Items from a dataset
-*-
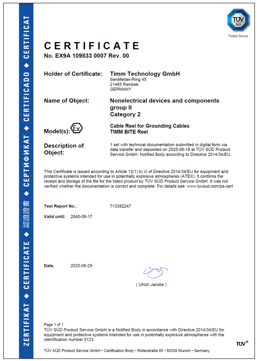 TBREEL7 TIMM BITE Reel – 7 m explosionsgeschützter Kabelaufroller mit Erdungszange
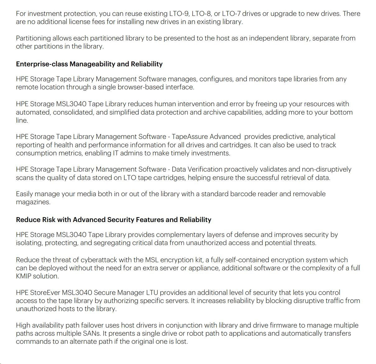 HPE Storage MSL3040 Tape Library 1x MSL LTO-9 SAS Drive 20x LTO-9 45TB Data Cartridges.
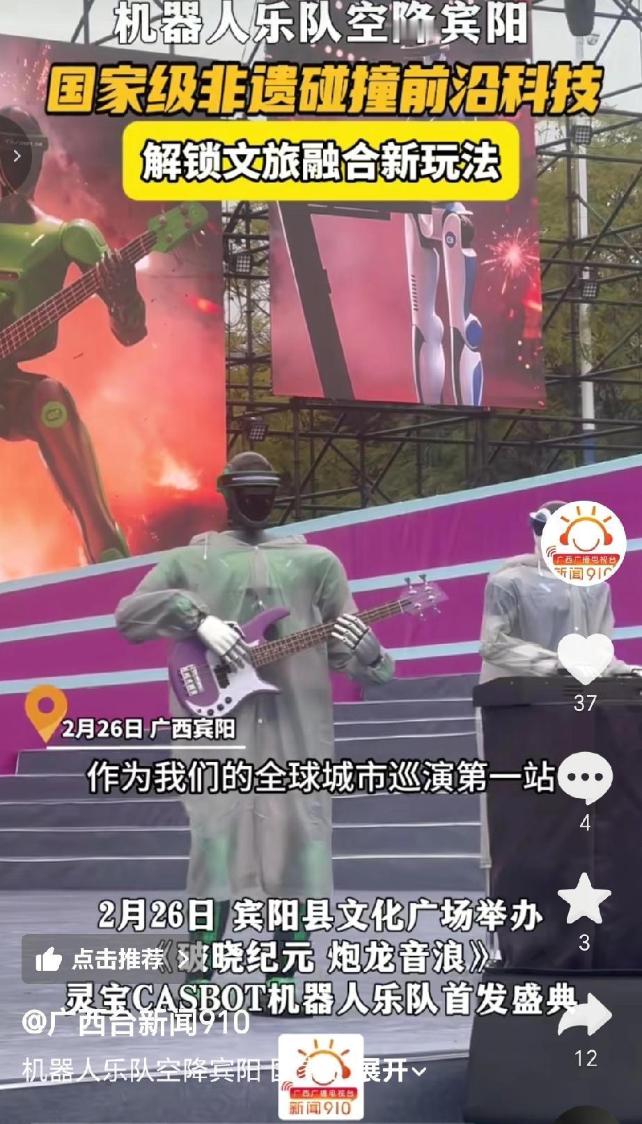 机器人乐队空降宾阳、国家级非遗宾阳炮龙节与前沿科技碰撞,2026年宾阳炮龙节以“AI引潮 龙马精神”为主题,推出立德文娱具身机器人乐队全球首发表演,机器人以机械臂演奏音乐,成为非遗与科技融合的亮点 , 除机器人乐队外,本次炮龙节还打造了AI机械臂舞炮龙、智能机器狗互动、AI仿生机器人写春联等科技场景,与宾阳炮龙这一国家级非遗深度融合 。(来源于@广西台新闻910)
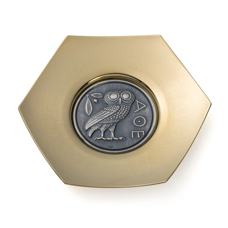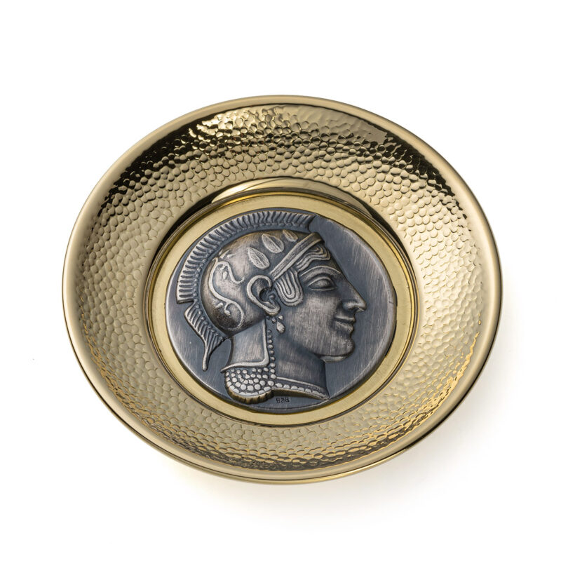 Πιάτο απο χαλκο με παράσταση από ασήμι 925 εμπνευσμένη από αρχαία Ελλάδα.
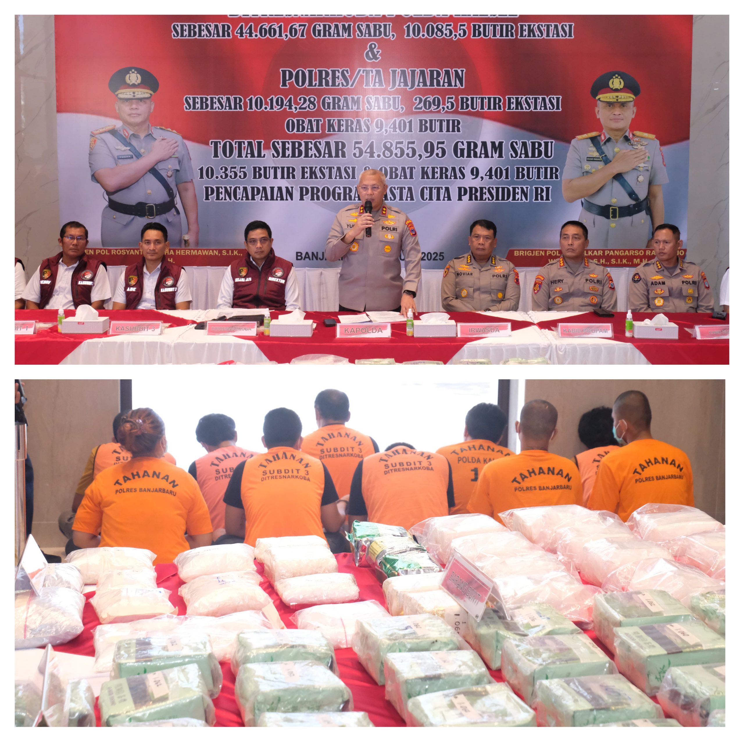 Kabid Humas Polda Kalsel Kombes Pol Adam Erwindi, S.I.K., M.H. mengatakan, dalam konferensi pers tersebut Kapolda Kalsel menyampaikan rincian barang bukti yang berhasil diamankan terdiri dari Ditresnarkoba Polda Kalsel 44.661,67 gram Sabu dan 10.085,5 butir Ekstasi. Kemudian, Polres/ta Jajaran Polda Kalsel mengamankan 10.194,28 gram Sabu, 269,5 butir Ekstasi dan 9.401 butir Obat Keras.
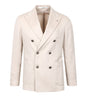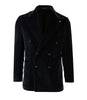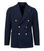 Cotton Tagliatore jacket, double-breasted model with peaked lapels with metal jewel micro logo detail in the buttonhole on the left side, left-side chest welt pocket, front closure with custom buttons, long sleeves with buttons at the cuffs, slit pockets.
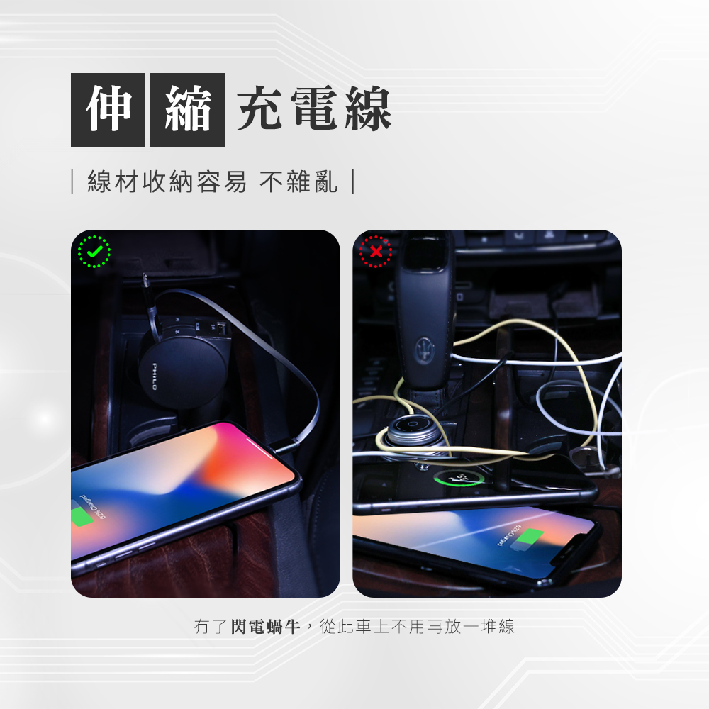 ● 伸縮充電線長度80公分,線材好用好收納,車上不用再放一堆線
-*-
* Exercise aim: What you return should match the records above word for word, minus the pictures.

* Solution below:
 TBREEL7 TIMM BITE Reel – 7 m explosionsgeschützter Kabelaufroller mit Erdungszange
 HPE Storage MSL3040 Tape Library 1x MSL LTO-9 SAS Drive 20x LTO-9 45TB Data Cartridges.
 机器人乐队空降宾阳、国家级非遗宾阳炮龙节与前沿科技碰撞,2026年宾阳炮龙节以“AI引潮 龙马精神”为主题,推出立德文娱具身机器人乐队全球首发表演,机器人以机械臂演奏音乐,成为非遗与科技融合的亮点 , 除机器人乐队外,本次炮龙节还打造了AI机械臂舞炮龙、智能机器狗互动、AI仿生机器人写春联等科技场景,与宾阳炮龙这一国家级非遗深度融合 。(来源于@广西台新闻910)
 Πιάτο απο χαλκο με παράσταση από ασήμι 925 εμπνευσμένη από αρχαία Ελλάδα.
 Kabid Humas Polda Kalsel Kombes Pol Adam Erwindi, S.I.K., M.H. mengatakan, dalam konferensi pers tersebut Kapolda Kalsel menyampaikan rincian barang bukti yang berhasil diamankan terdiri dari Ditresnarkoba Polda Kalsel 44.661,67 gram Sabu dan 10.085,5 butir Ekstasi. Kemudian, Polres/ta Jajaran Polda Kalsel mengamankan 10.194,28 gram Sabu, 269,5 butir Ekstasi dan 9.401 butir Obat Keras.
 Cotton Tagliatore jacket, double-breasted model with peaked lapels with metal jewel micro logo detail in the buttonhole on the left side, left-side chest welt pocket, front closure with custom buttons, long sleeves with buttons at the cuffs, slit pockets.
 ● 伸縮充電線長度80公分,線材好用好收納,車上不用再放一堆線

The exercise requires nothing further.